PROBLEM TO SOLVE:
Leave out the pictures and set down the rest of the listing below word for word.

MATERIAL PROVIDED:

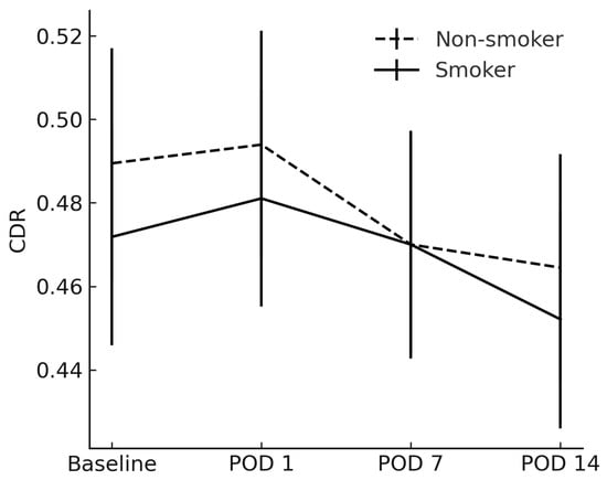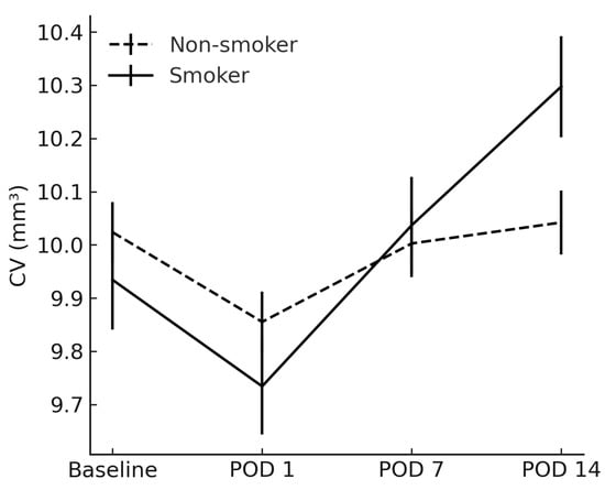 CV had become significantly higher in smokers by POD 14 (10.30 ± 0.60 mm3 vs. 10.04 ± 0.38 mm3; p = 0.026) (Figure 2). Post hoc inspection of mean CST and CV trajectories revealed that the inter-group difference first reached statistical significance between POD 7 and POD 14, indicating a ≈1-week “window of vulnerability” during which smoking-related inflammatory amplification is most pronounced.
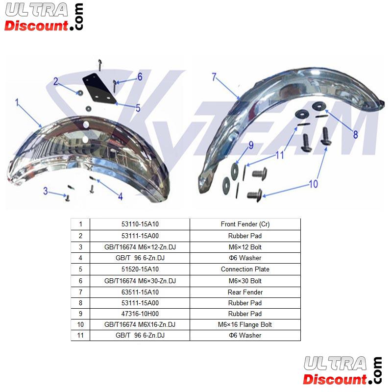 Garde boue Avant CHROME pour Skyteam Skymini Skybongo et LeMans:
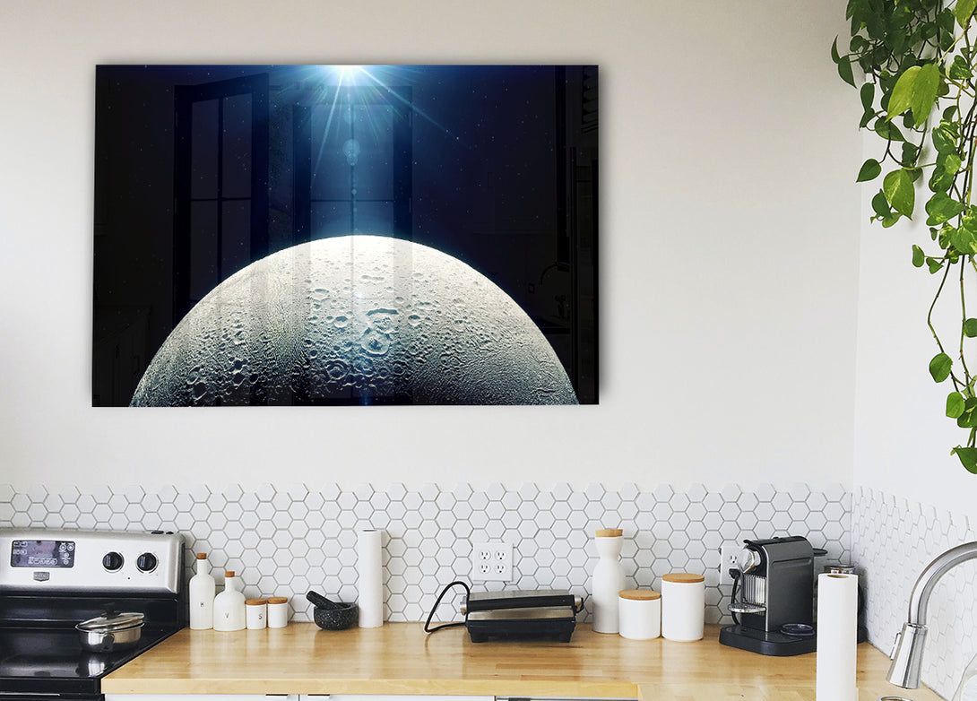 Moon In Space acrylic print, UV printed onto 5mm thick acrylic glass. Comes with everything you need to hang on your wall.

ANSWER TO THIS TASK:
 CV had become significantly higher in smokers by POD 14 (10.30 ± 0.60 mm3 vs. 10.04 ± 0.38 mm3; p = 0.026) (Figure 2). Post hoc inspection of mean CST and CV trajectories revealed that the inter-group difference first reached statistical significance between POD 7 and POD 14, indicating a ≈1-week “window of vulnerability” during which smoking-related inflammatory amplification is most pronounced.
 Garde boue Avant CHROME pour Skyteam Skymini Skybongo et LeMans:
 Moon In Space acrylic print, UV printed onto 5mm thick acrylic glass. Comes with everything you need to hang on your wall.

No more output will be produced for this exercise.